# Carp flies?



## TheCream (Mar 19, 2009)

Clayton, I remember you said on here you chased some carp this past year, I'm looking for good patterns to tie up for chasing carp this spring. So far I am just looking through catalogs and trying to copy their patterns. I got these two from a Feather Craft catalog:

Carpolicious










Headstand










Any suggestions? I ordered some more materials to do a few other patterns but was hoping for some input from some folks who have had success on carp. This will be my first attempt with a fly rod. Thanks in advance!


----------



## wabi (Jun 14, 2008)

I'll be watching for answers, too. 

I'm thinking of ordering a sinking tip line for my 8wt and making (or buying a furled) some flurocarbon leader(s).

I like the looks of the headstand.


----------



## flytyer (Jan 3, 2005)

Those look like the carp should eat'em. You may also want to tie some up without any weight incase you find them shallow. Carp are pretty spooky when shallow and a weighted fly just might send them into the next county when it lands on the water. 
Don't forget to tie up some small crayfish patterns too. Carp like crayfish.


----------



## TheCream (Mar 19, 2009)

flytyer said:


> Those look like the carp should eat'em. You may also want to tie some up without any weight incase you find them shallow. Carp are pretty spooky when shallow and a weighted fly just might send them into the next county when it lands on the water.
> Don't forget to tie up some small crayfish patterns too. Carp like crayfish.

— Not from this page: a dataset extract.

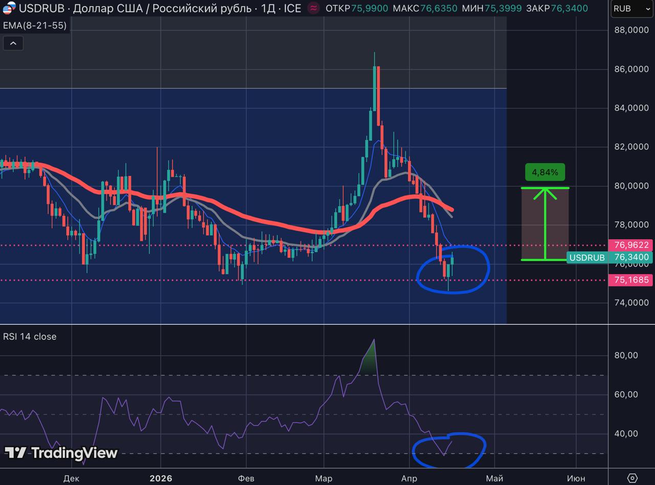 мы получаем пятый раз за последний год отбивку от этого диапазона (75.17-76.96).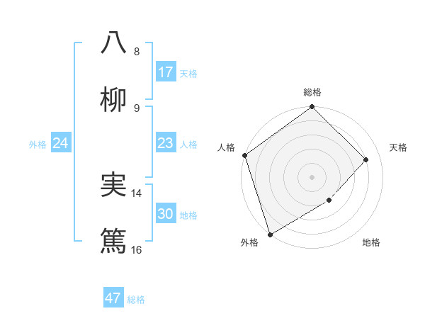 八柳 実篤さんを姓名の画数から五運を鑑定

I also read somewhere they eat leeches, so I am assuming a small (Maybe #10 or 12?) black bugger should work? The eyes on these flies are essentially weightless, they are bead chain eyes, not the heavy brass or lead.


----------



## Salmonid (Apr 14, 2004)

I use smallie paterns year round for carp, just depends what watershed i am fishing, if the watershed has an abundance of crayfish, thats what Ill fish, if it has lots of Helgramites, thats what ill fish. If I am hitting them on the mud, sight feeding, Il always catch them with a oversized Rock Worm pattern ( #10) Might also mention that the Bead Headed Copper John under a float has taken more carp then any other fly I ever fished, Ive probably taken over 50-60 carp with em, so dont overlook then. I might also mention that mudding carp always have smallies around getting leftovers so by using smallie flies, youll often get the bonus smallie. 
Bottom line is carp eat what smallies do in those same streams so dont make it over complicatd here folks. Just my .02
Stick with smaller flies, like #10-12 for crayfish, leeches, helgramites and smaller for nymphs, I usually will lightly weight my flies with wire so they look more natural.

Salmonid
PS its warmwater discharge time folks, never overlook the opportunity to get a snow carp


----------



## Flyfish Dog (Nov 6, 2007)

3 that I know that work well from what ones that fiish for them are Carp Clouser, Carp Candy and small crayfish patterns. I have a bunch of mulberry flies but nothing has been interested in them though. Smaller is better and I agree what Salmonid has posted. But never thought about the rock worm though. Will have to take them along to. I got a little simple crayfish pattern that rocked the trouts this past fall and my have to post it after all.


----------



## TheCream (Mar 19, 2009)

I figured small would be the way to go, the two I posted are #10's. I think I have seen the Carp Candy somewhere, I'll look for a recipe to that one. What is the difference in the Caarp Clouser vs. a regular Clouser minnow? Color pattern? Size? Both?


----------



## TexasPete (Apr 26, 2005)

Clayton likes Olive wooly buggers...conehead variety- size 10

Clouser swimming nymph

Barry's Carp Fly

The dumbell/bead-chain eye set-up looks good- a lot of professionally tied carp flies are designed with that idea in mind so the hook point rides up as it settles on the bottom.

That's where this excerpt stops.